It Takes a Village: NICU Nurses
August 06, 2015
I’ve been a nurse for 26 years. For the past 24 of those years I’ve worked exclusively in a neonatal intensive care unit (NICU). When I was in school I thought I wanted to specialize in adult intensive care, but during a rotation I fell in love with the challenge of caring for the smallest of patients and never looked back. It’s a privilege and an honor to care for these tiny patients and see them go home with their families.
Our NICU is a Level III, meaning that we are equipped and experienced to handle the most fragile of infants. Working at this level is important to me because we support all age ranges, complex diagnoses, high acuity cases, surgery, and more. I also love that I work at a teaching hospital. Supporting new nurses is one of my favorite things, and it is a huge honor for me to help the next generation grow into their roles. It’s amazing to see how far they’ve come, and to experience their excitement and continued enthusiasm for learning.
I am a clinical manager for our 65-bed unit. My day starts with receiving reports on all of our patients. A critical part of my role is to make patient care assignments, which is a complex juggling act. I need to look at the acuity of the patient, taking into account the skill set of each of our nurses. Because our patients can be with us for up to six months, we want to build a relationship with that family and try to honor requests for assigning primary nurses (meaning that the same staff take care of that patient when they are on duty). Developing a close relationship with a primary nurse lets parents relax a little because the nurse gets to know the family and the infant. The nurse can sense when they may need a little extra comfort, and can share in the big milestones, such as helping parents change their first diaper or feed their child for the first time.
Beyond building trust in care, this closeness also means that nurses really get to know their patients. Each baby is different, and it’s crucial to recognize the signs of that baby. These patients can’t talk, so one of the skills NICU nurses develop is to recognize subtle signs of improvement or distress, even just tiny changes in vitals or lab results. Spok actually helps us with that by connecting our patient monitors to our voice badges. By getting important alerts directly to the right caregiver’s device, we’re a much quieter NICU—we know precisely which patient to check without having to wander around listening for loud alarms from the monitors. Our voice badge also allows our families to feel more comfortable when we are out of their infant’s room. They know we are monitoring their infant at all times. Our nurses become so attuned to their patients that they accompany babies traveling into surgery because they can offer valuable insights about the patient to the rest of the care team.

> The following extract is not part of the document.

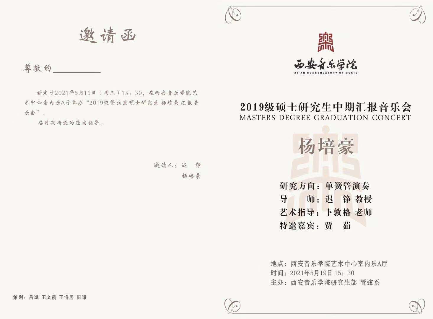 2019级硕士研究生杨培豪单簧管汇报音乐会
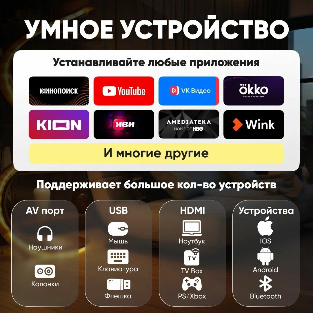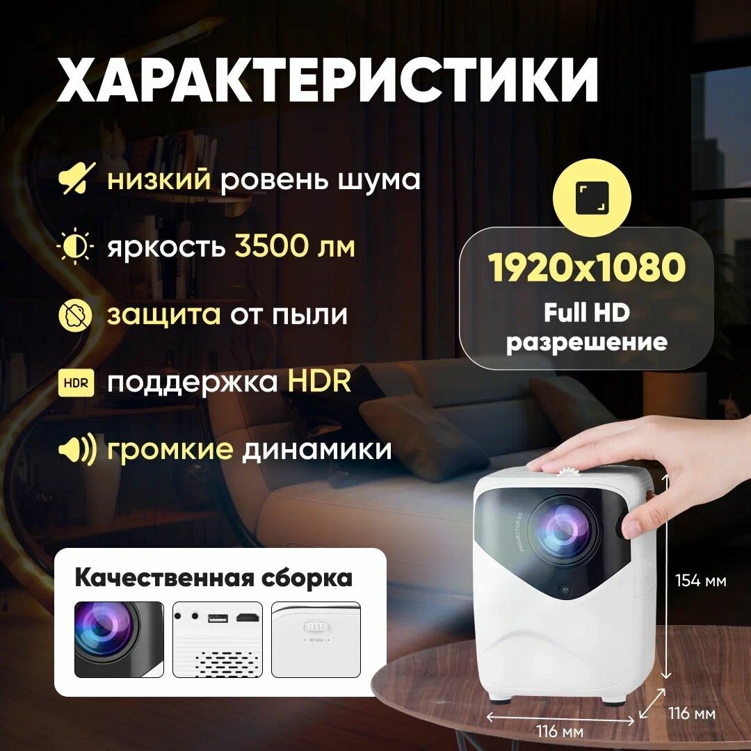 Проектор Умный 5G 2024, FULL HD 4K для фильмов и игр, Wi-Fi, Bluetooth, HD, 1LCD, белый информация:

Overall, I feel blessed working at Banner – University Medical Center Phoenix. I currently teach and learn from some of the best nurses I’ve worked with in my entire career. And while I think the phrase “It takes a village…” is overused, it truly does take a village of providers to care for our littlest patients, and nurses are vital members of that village.
By Jennifer Fil, RN, RNC – Banner-University Medical Center Phoenix
Jennifer is a veteran nurse who has spent 24 years caring for infants and supporting their families in the neonatal intensive care unit (NICU). A nurse manager, she oversees NICU staffing assignments, assists with high-risk deliveries, provides additional support for patients and families, and helps train the next generation of NICU nurses.